— Brief —
Repeat the span of the entries below that starts at the line with "Own your service" and ends at the line with "本記事は、QY Resear", nothing more. Skip the pictures.

— Data to examine —
= = = =

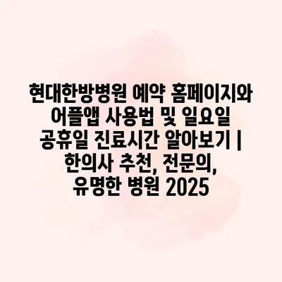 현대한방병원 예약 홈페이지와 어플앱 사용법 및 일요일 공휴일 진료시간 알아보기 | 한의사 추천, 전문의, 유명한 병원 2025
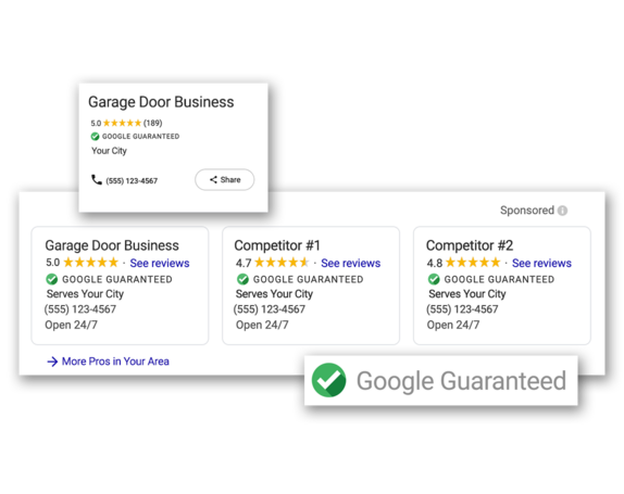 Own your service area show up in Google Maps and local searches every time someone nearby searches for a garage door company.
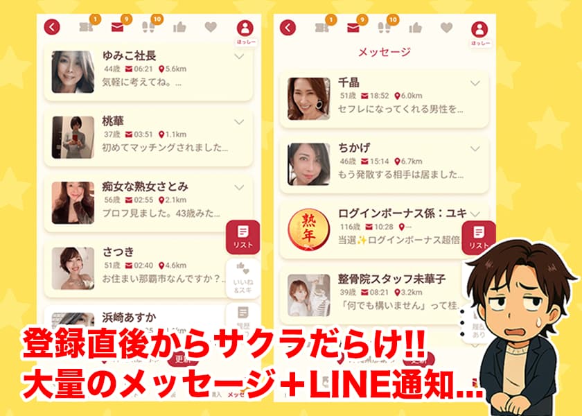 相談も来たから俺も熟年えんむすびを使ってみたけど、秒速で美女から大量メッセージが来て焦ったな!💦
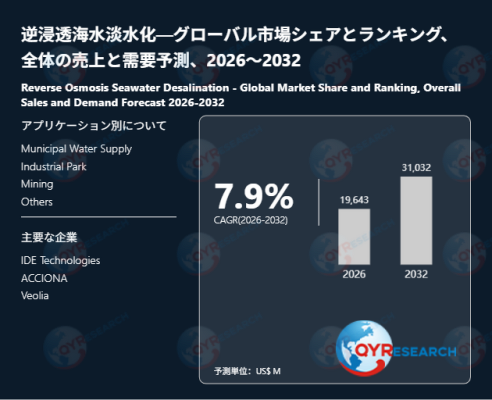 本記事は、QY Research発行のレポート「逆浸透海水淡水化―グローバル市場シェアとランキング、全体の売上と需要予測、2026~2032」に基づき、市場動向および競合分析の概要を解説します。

= = = =

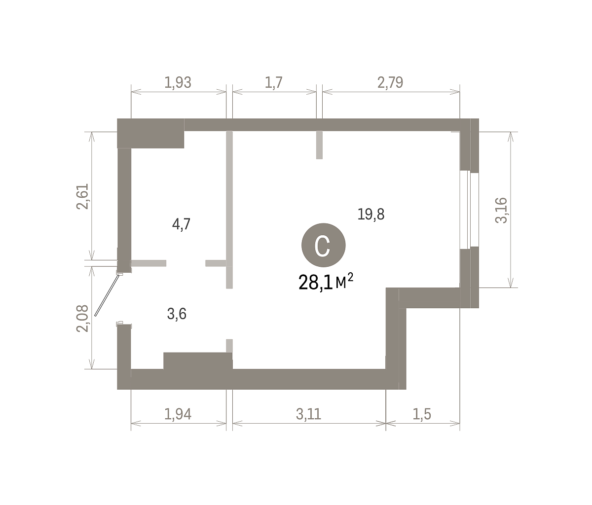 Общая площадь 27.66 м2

= = = =

— Exercise output —
 Own your service area show up in Google Maps and local searches every time someone nearby searches for a garage door company.
 相談も来たから俺も熟年えんむすびを使ってみたけど、秒速で美女から大量メッセージが来て焦ったな!💦
 本記事は、QY Research発行のレポート「逆浸透海水淡水化―グローバル市場シェアとランキング、全体の売上と需要予測、2026~2032」に基づき、市場動向および競合分析の概要を解説します。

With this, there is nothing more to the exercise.